__Task__. Please transcribe exactly the line that holds "राज्यपाल के सचिव" and all lines that follow it to the end of the records below, omitting any pictures.
++++
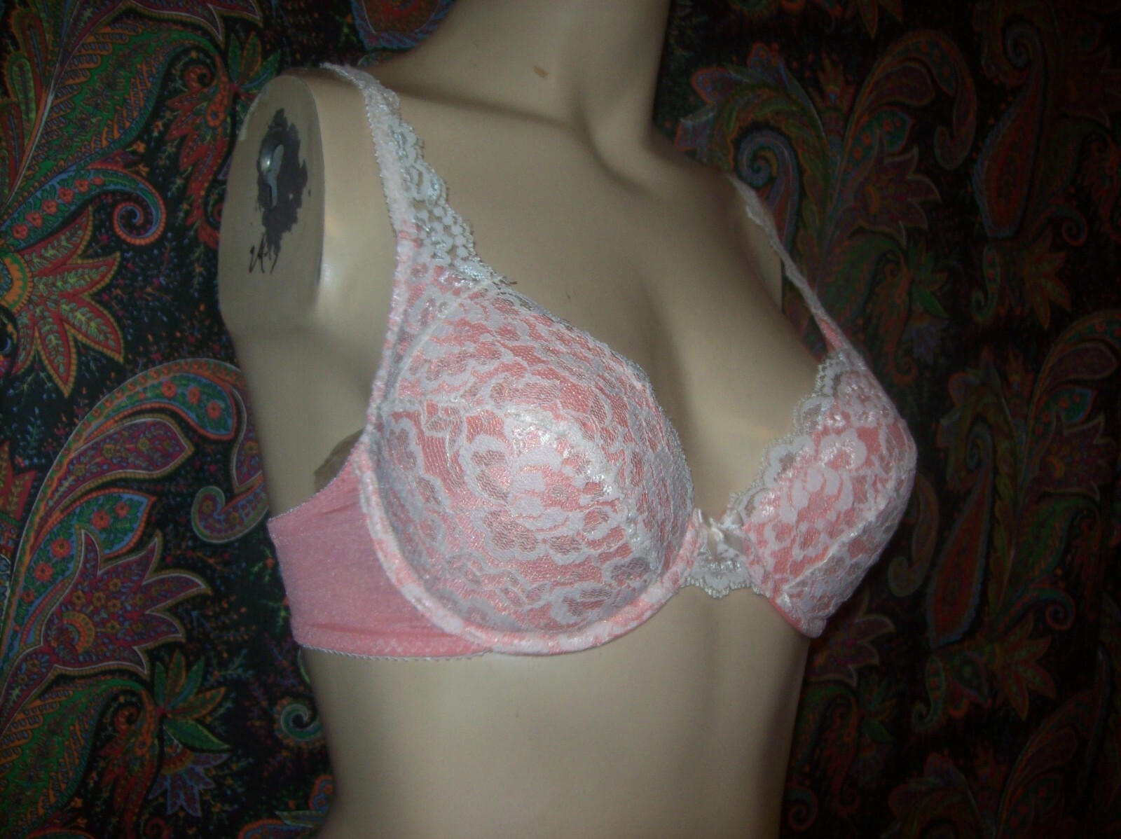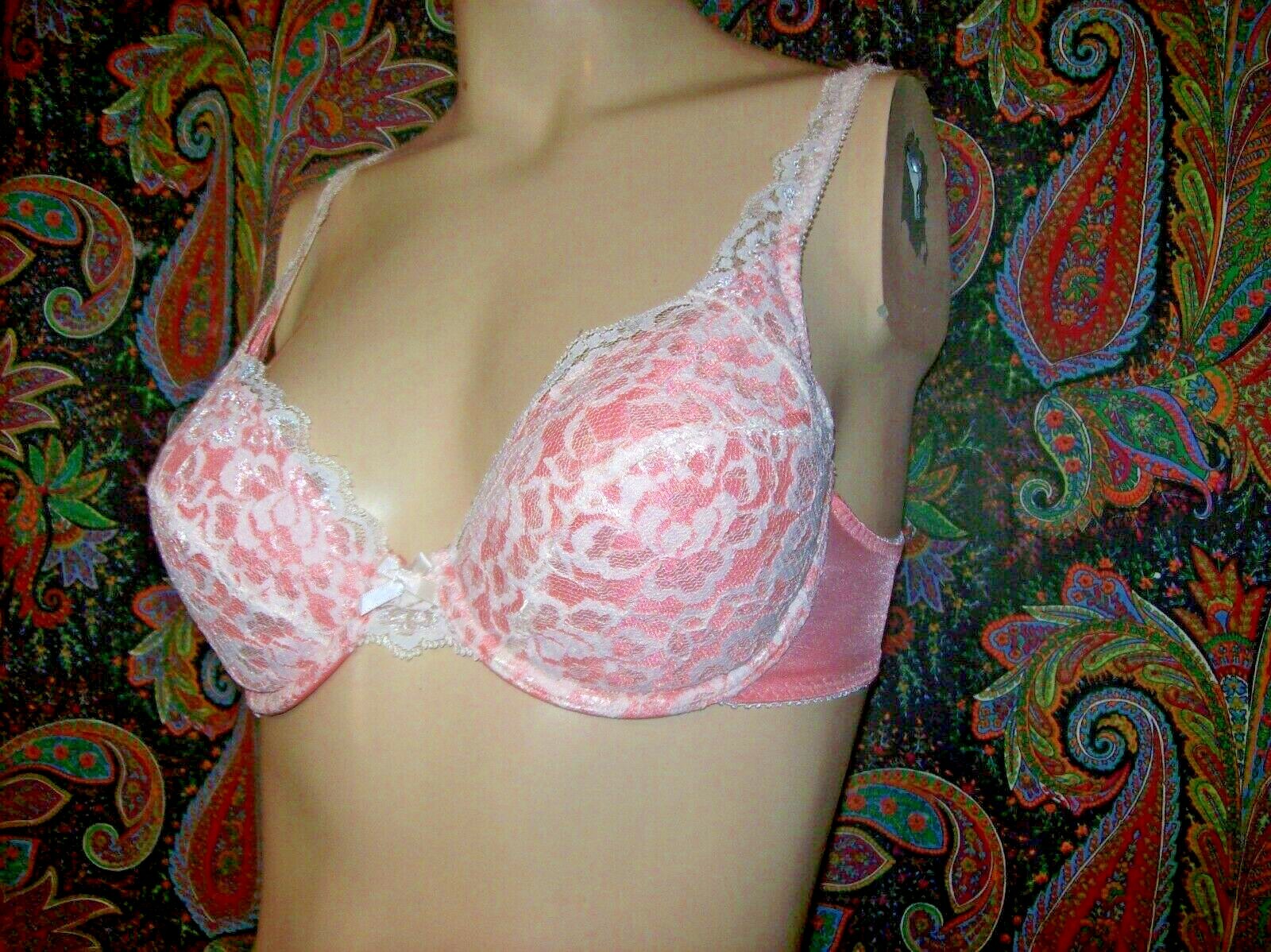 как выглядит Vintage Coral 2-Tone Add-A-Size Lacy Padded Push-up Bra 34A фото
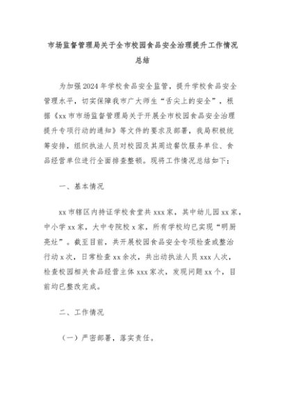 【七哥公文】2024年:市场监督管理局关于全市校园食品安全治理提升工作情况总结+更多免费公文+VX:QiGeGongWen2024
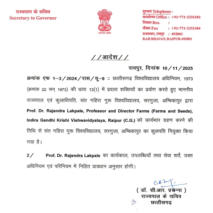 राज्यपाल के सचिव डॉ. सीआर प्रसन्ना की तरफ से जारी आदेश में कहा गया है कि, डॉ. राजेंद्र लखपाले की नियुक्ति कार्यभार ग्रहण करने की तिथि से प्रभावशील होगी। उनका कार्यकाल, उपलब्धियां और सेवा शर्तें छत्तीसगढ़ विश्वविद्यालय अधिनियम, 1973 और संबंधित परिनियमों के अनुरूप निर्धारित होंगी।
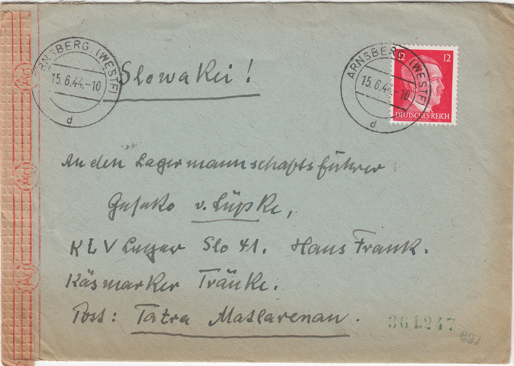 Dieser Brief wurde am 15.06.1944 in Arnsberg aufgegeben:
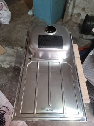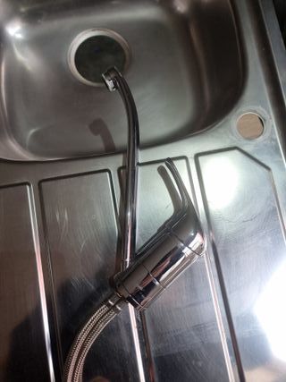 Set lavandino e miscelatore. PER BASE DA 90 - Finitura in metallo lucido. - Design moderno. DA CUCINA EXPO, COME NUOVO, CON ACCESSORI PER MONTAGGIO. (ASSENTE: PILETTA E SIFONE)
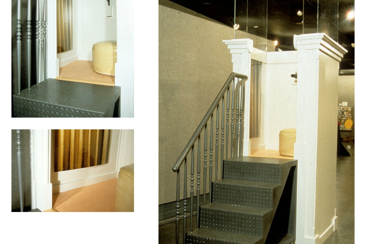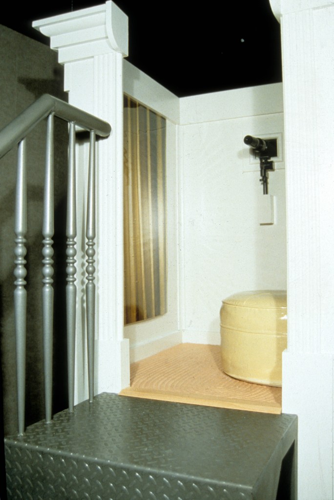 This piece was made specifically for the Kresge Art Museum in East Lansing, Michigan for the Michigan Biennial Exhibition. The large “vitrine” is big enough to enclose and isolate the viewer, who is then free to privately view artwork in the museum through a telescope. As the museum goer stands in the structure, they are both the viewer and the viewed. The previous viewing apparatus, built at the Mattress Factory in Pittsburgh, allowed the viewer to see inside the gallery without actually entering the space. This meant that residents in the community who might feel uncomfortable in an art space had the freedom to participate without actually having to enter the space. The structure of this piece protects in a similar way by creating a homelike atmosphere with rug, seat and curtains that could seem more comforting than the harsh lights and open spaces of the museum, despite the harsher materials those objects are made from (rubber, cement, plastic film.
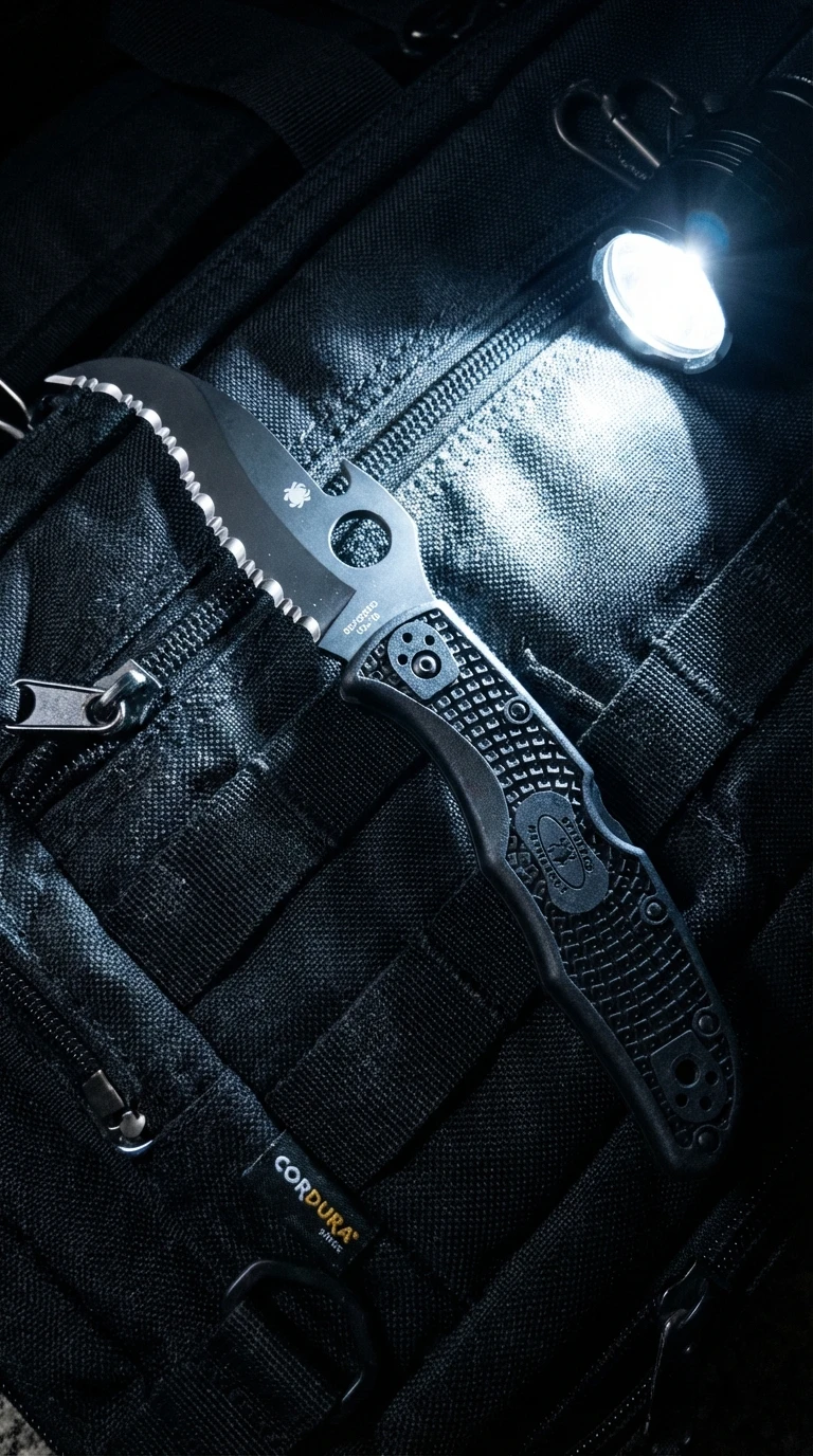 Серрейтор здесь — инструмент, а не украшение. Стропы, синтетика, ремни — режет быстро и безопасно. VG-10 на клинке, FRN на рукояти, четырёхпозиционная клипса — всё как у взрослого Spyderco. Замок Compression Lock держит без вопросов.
++++
__Response to this task__.
 राज्यपाल के सचिव डॉ. सीआर प्रसन्ना की तरफ से जारी आदेश में कहा गया है कि, डॉ. राजेंद्र लखपाले की नियुक्ति कार्यभार ग्रहण करने की तिथि से प्रभावशील होगी। उनका कार्यकाल, उपलब्धियां और सेवा शर्तें छत्तीसगढ़ विश्वविद्यालय अधिनियम, 1973 और संबंधित परिनियमों के अनुरूप निर्धारित होंगी।
 Dieser Brief wurde am 15.06.1944 in Arnsberg aufgegeben:
 Set lavandino e miscelatore. PER BASE DA 90 - Finitura in metallo lucido. - Design moderno. DA CUCINA EXPO, COME NUOVO, CON ACCESSORI PER MONTAGGIO. (ASSENTE: PILETTA E SIFONE)
 This piece was made specifically for the Kresge Art Museum in East Lansing, Michigan for the Michigan Biennial Exhibition. The large “vitrine” is big enough to enclose and isolate the viewer, who is then free to privately view artwork in the museum through a telescope. As the museum goer stands in the structure, they are both the viewer and the viewed. The previous viewing apparatus, built at the Mattress Factory in Pittsburgh, allowed the viewer to see inside the gallery without actually entering the space. This meant that residents in the community who might feel uncomfortable in an art space had the freedom to participate without actually having to enter the space. The structure of this piece protects in a similar way by creating a homelike atmosphere with rug, seat and curtains that could seem more comforting than the harsh lights and open spaces of the museum, despite the harsher materials those objects are made from (rubber, cement, plastic film.
 Серрейтор здесь — инструмент, а не украшение. Стропы, синтетика, ремни — режет быстро и безопасно. VG-10 на клинке, FRN на рукояти, четырёхпозиционная клипса — всё как у взрослого Spyderco. Замок Compression Lock держит без вопросов.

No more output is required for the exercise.